ポリティカル・フィクションとしてのリアリティも中途半端と言わざるをえない。武装解除された日本が限られた兵器でゴジラに立ち向かう、というシチュエーションを作るために、「アメリカは参加しません!」となるのが謎過ぎる。こっそり新兵器の実験場にしたり、なんならソ連への威嚇で堂々と参戦してもおかしくない場面でもあるような。銀座襲撃の折に国会議事堂が破壊されているところとかを日本の政治的混乱に結びつけるとかもやってよかったような。
何よりも、核のメタファーとしてのゴジラがほとんど機能していない。東京にも核兵器が、という話ではあるのかもしれないが、そこはあまり掘り下げられない。
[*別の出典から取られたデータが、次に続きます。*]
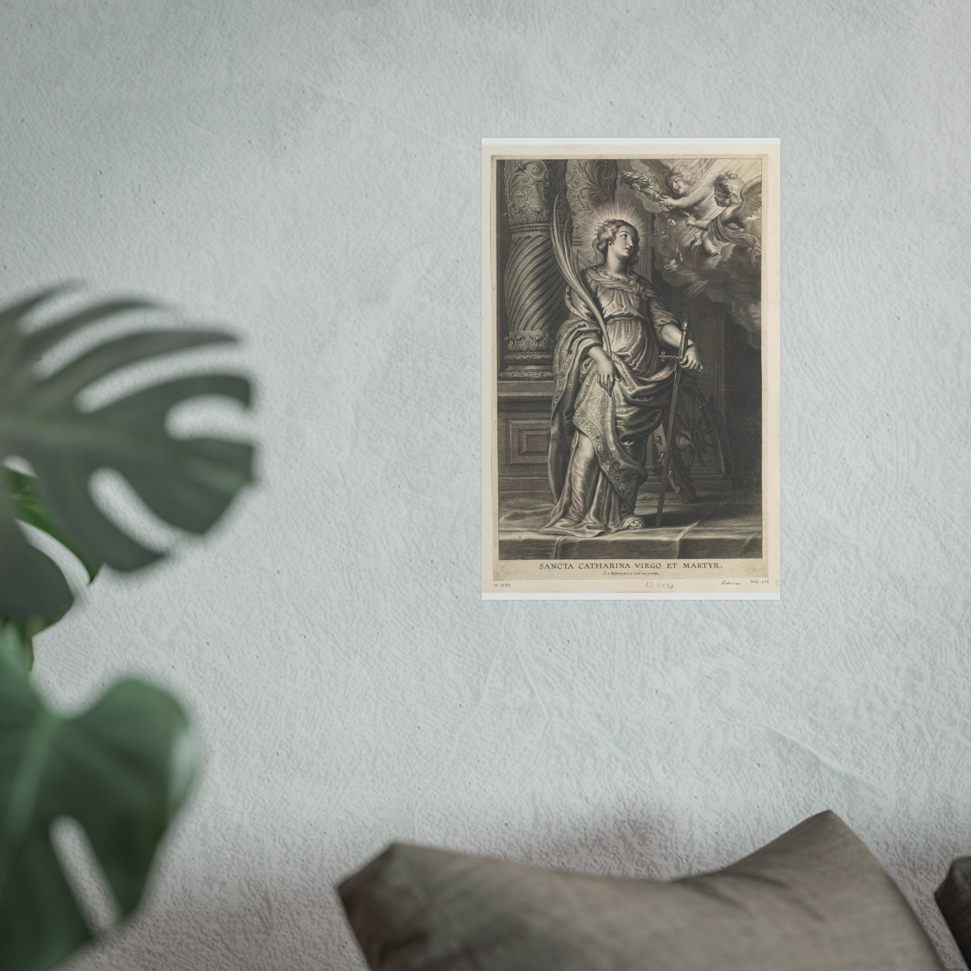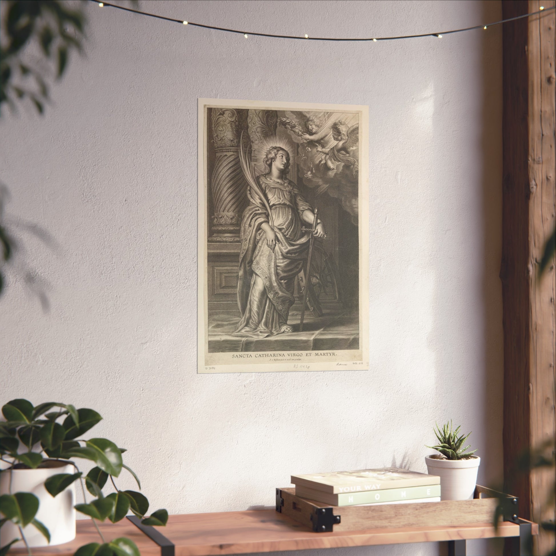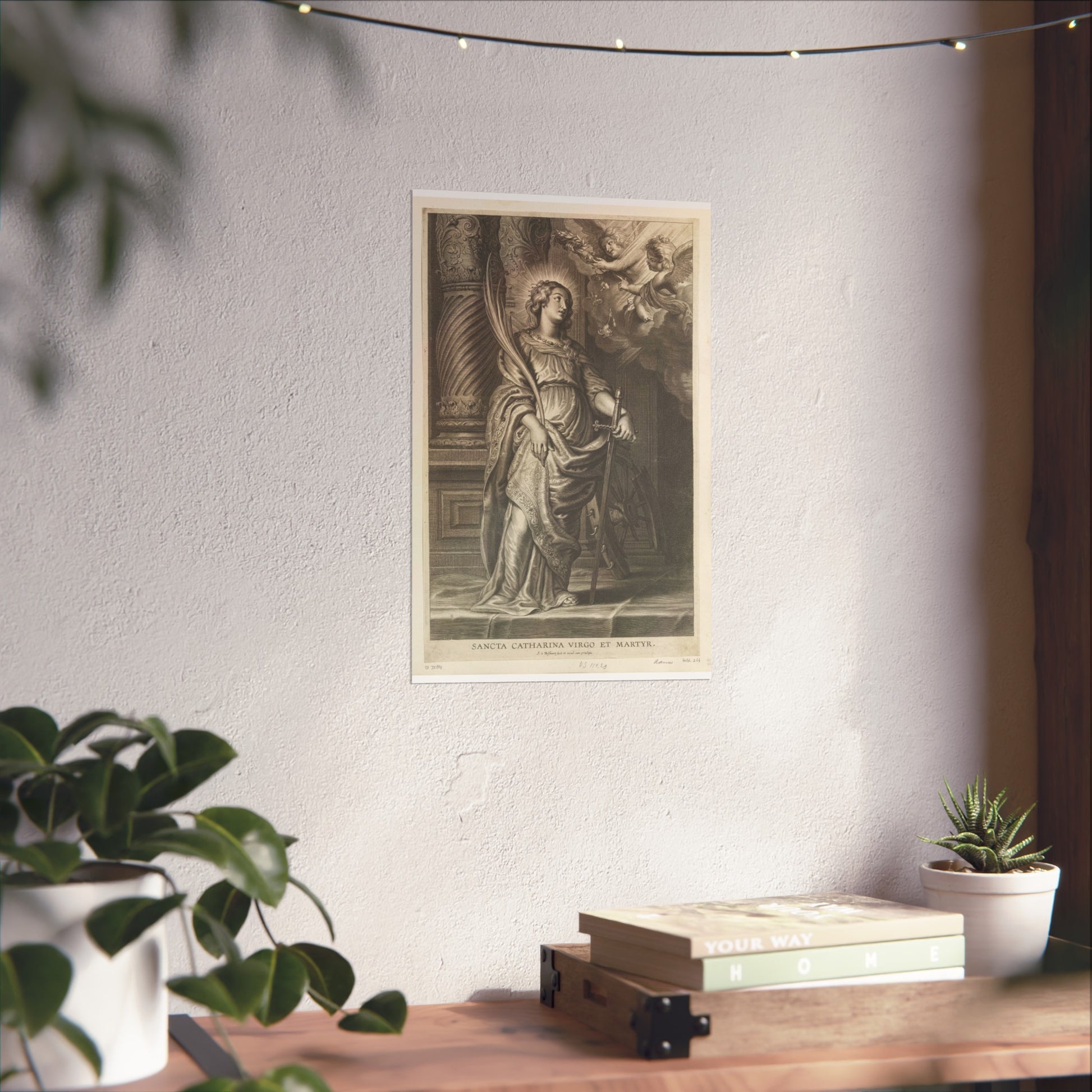 This captivating artwork portrays Saint Catherine of Alexandria, depicted as a martyr with a broken wheel. This print is part of an album, adding a sense of narrative and historical context to the piece.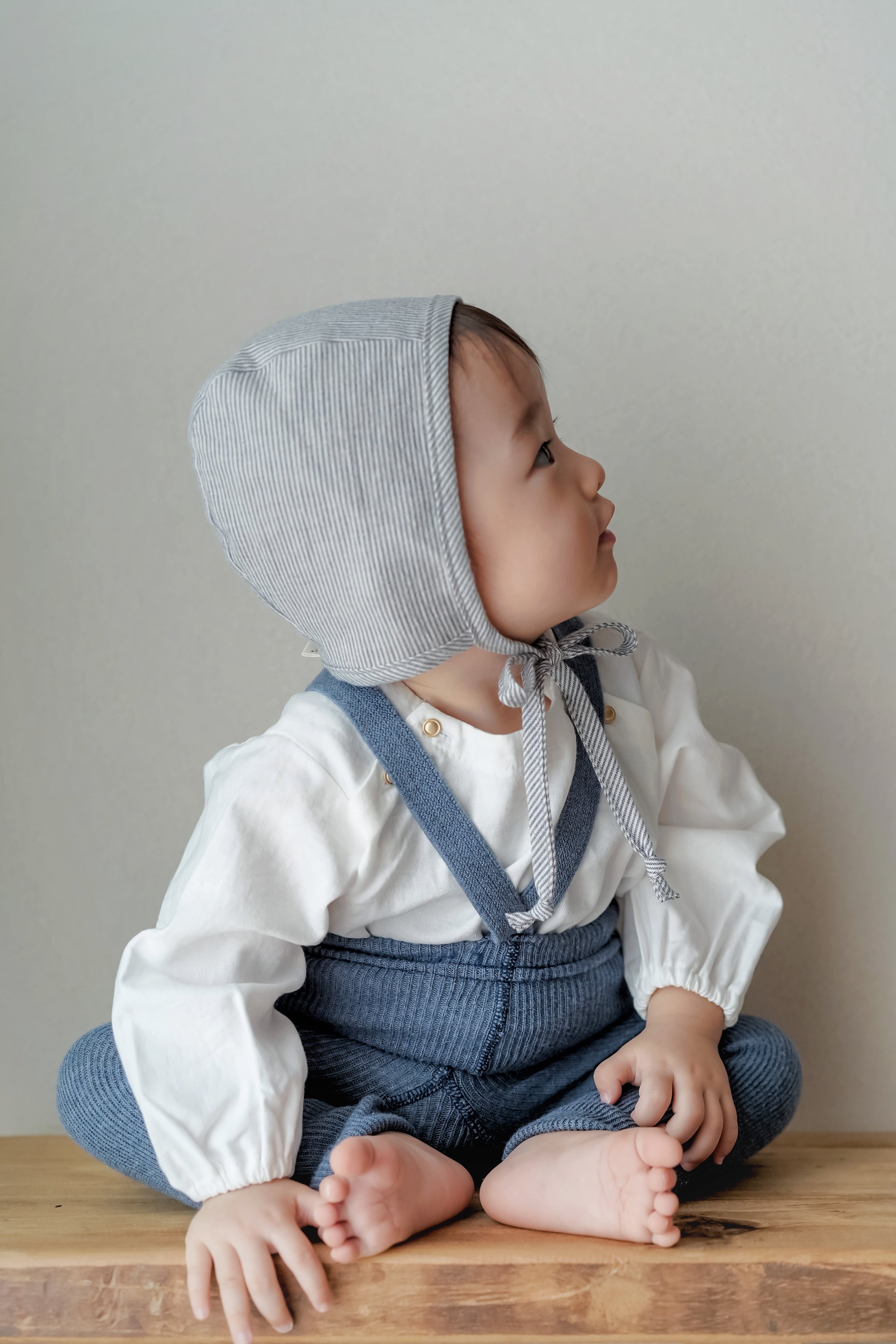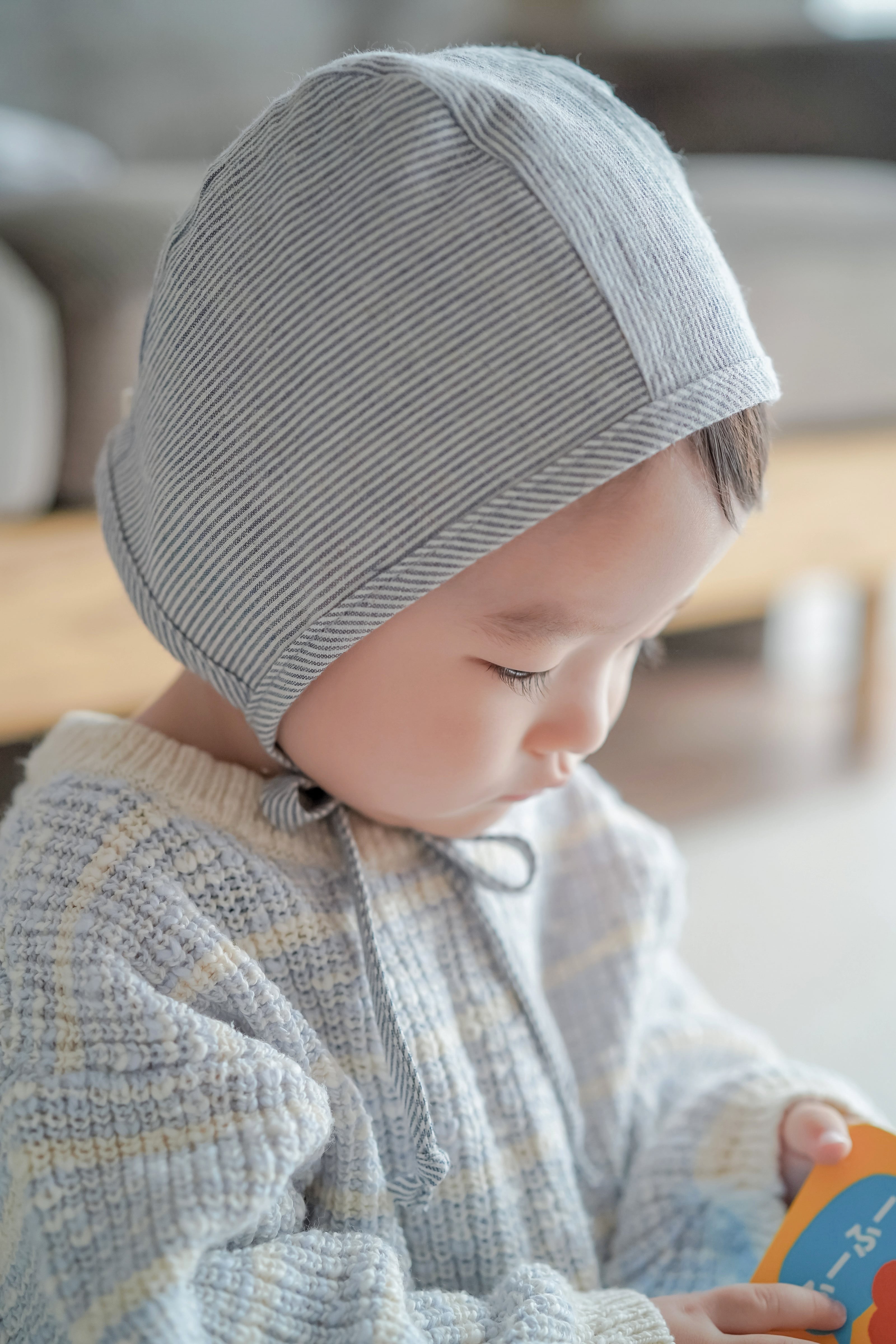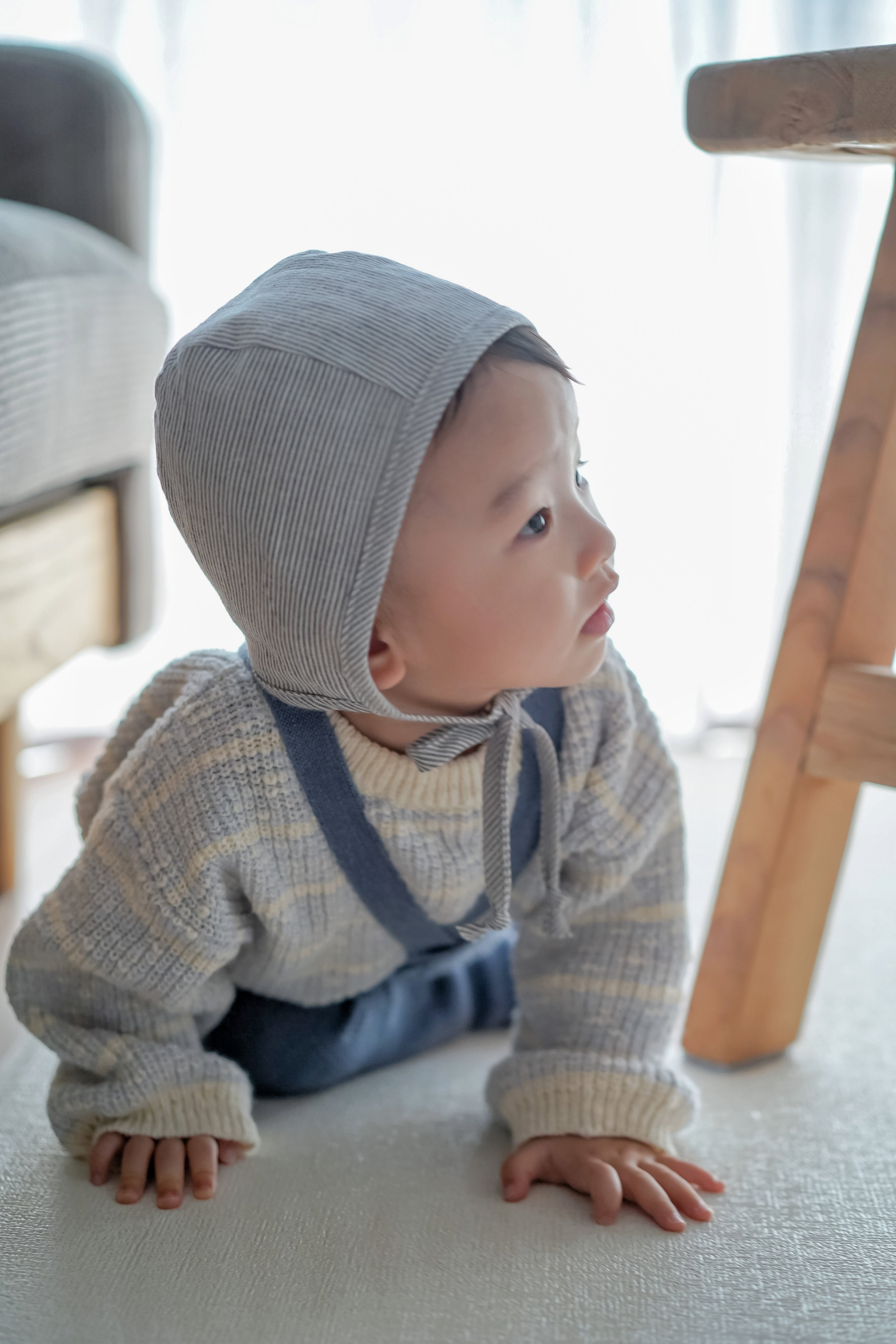 写真6〜11枚目…生後11ヶ月、頭囲43cm、Sサイズ(ネイビーストライプ)

浜辺美波が神木隆之介を突き飛ばすシーンは、『はだしのゲン』にもあるような描写だけに。
ただ、まぁ、「ゴジラのテーマ」をちゃんと「ゴジラに立ち向かう人間たちのテーマ」として使ったところは、これまでのゴジラシリーズに対するリスペクトは感じる。
なんというか、山崎貴がやっていることは『ALWAYS』でゴジラを出した時とあまり変わっていなくて、ゴジラが結局なんなのか、悪い意味でわからない。神聖さも恐怖も感じない。主人公たちの内面の物語に回収されすぎている気がする。